Now, in view of what had happened, her ladyship, ever impulsive, was all for going there and then to her husband to confess the whole truth, without pausing to reflect upon the consequences to others than Ned Tremayne. As you know, it was beyond her to see a thing from two points of view at one and the same time. It was also beyond her brother—the failing, as I think I have told you, was a family one—and her brother saw this matter only from the point of view of his own safety.
“A single word to Terence,” he had told her, putting his back to the door of the dressing-room to bar her intended egress, “and you realise that it will be a court-martial and a firing party for me.”
That warning effectively checked her. Yet certain stirrings of conscience made her think of the man who had imperilled himself for her sake and her brother’s.

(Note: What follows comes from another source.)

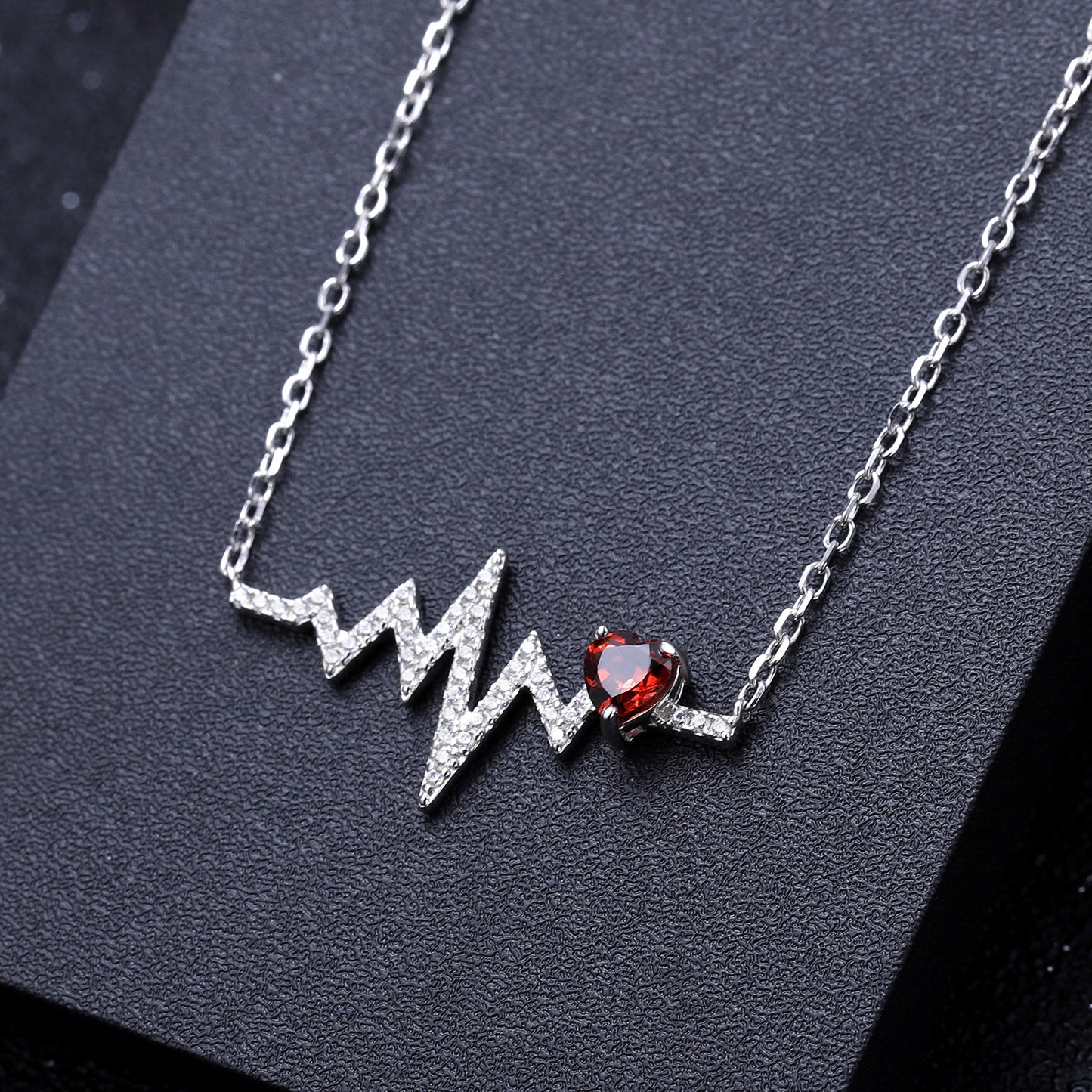 Fashion Versatile Style Inlaid Natural Colourful Gemstone Heartbeat Miracle Pendant Silver Necklace for Women

“But, Dick, what is to become of Ned?” she had asked him.
“Oh, Ned will be all right. What is the evidence against him after all? Men are not shot for things they haven’t done. Justice will out, you know. Leave Ned to shift for himself for the present. Anyhow his danger isn’t grave, nor is it immediate, and mine is.”
Helplessly distraught, she sank to an ottoman. The night had been a very trying one for her ladyship. She gave way to tears.
“It is all your fault, Dick,” she reproached him.
“Naturally you would blame me,” he said with resignation—the complete martyr.
“If only you had been ready at the time, as he told you to be, there would have been no delays, and you would have got away before any of this happened.”
“Was it my fault that I should have reopened my wound—bad luck to it!—in attempting to get down that damned ladder?” he asked her. “Is it my fault that I am neither an ape nor an acrobat? Tremayne should have come up at once to assist me, instead of waiting until he had to come up to help me bandage my leg again. Then time would not have been lost, and very likely my life with it.” He came to a gloomy conclusion.